The child will become the parent, and the parent will
become a child.
– The parent becomes the right child of the child.
• The old “right grandchild” becomes the left child of the parent
• A “left rotate” will interchange a node with its right child
– The parent becomes the left child of the child
• The old “left grandchild” becomes the right child of the parent
• Note that these operations are exact opposites (inverses) of
each other.
• Note also that Rotations do not affect the BST properties
(although they will almost certainly affect the red/black
properties).

7. Insert
• Insert the value normally, and make the new node
“red”
– We have not changed the black height of any node in
the tree.
– However, we may have created a red node with a red
parent (and this is bad).
• As we “fixup” we’ll always have a pointer to a red
node. We’ll always know that the black height is
OK, and the only problem we need to worry about
is that the parent of this red node is also red.

8. Fixup
• Let c (child) be the red node we inserted
• Let p (parent) be the parent of c
• Let gp (grandparent) be the parent of p
• Let u (uncle) be the child of gp that is not equal to
p
• If p->color == black, we’re done.

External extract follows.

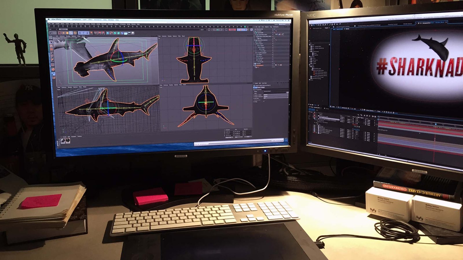 Sharknado is a made-for-tv schlock-disaster film about a cyclone that sucks sharks out of the ocean to become a terrible shark-tornado that ravages various locales. The movie has re-curing stars Tara Reid and Ian Ziering. I remember the regular morning at the office where we were going over Syfy Original Movies, and we decided to send the Sharknado packaging out of house since our bandwidth was full and I was already working on another original film. The projections I worked on for the Comic-Con party was for Sharknado 2: The Second One and Sharknado 3: Oh Hell No!

So, assume p-
>color == red.
– We know, therefore, that gp->color == black.
• Two interesting cases
– Uncle is red (easy), or uncle is black (harder)

9. Uncle is red
• If the grandparent is black, the parent is red and
the uncle is red, then
– we would not change the black height by making the
grandparent red and the parent (and uncle) black.
– We may, however, have introduced a new problem
where the grandparent is now red, and its parent is also
red (the great-grandparent).
• So, if the uncle is red, make it and the parent
black. Make the grandparent red, and then repeat
fixup where we treat the grandparent as the next
“child”.

10. Uncle is Black
• Make the parent black
– But this increases the number of black nodes along the path to the
child.
• Make the grandparent red
– This fixes the problem with the path from the root to the child, but
it decreases (breaks) the number of black nodes on the path from
the root to the uncle
• Rotate around the grandparent and parent
– So that the path from the root to the uncle now passes through both
the parent and the grandparent
– (and the path from the root to the child no longer passes through
the grandparent).

11. Case Analysis
• Coding this up requires six cases. Three cases are for
when the parent is the left child of the grandparent, and
three (perfectly symmetric) cases for when the parent is the
right child of the grandparent.
• Of the remaining three cases, “uncle is red” is one case.
• Two cases are required for “uncle is black” depending on
whether the path from grandparent to child is “straight” or
“crooked”
– If the path is “crooked” then we’ll need to rotate first around the
parent and child, and then perform the rotation around the parent
and grandparent.

12. “Root is Black” Sentinel
• Once we reach the root of the tree, we’re done.
• If we can ensure that the root is always black, then
we don’t need to worry about the special case of
reaching the root in fixup.
– Fixup stops whenever the next “child” is black, or when
the parent is black.
• It’s easy (and always correct) to simply make the
root black as the last step in any insert/remove
operation.

13. Time Complexity
• Fixup runs in a loop. Each iteration of the loop we do
– O(1) work in case analysis
– O(1) work recoloring nodes (“uncle is red” case)
– O(1) work performing rotations (at worst 2 rotations)
• Each iteration of the loop we either terminate (always the
case after a rotation), or we set “child” equal to
grandparent
– i.e., each iteration of the loop uses a node with height less than the
previous iteration.
• Since height must decrease each iteration, we can do at
most h iterations. Since h = O(log n), we do O(log n)
iterations with O(1) work each iteration.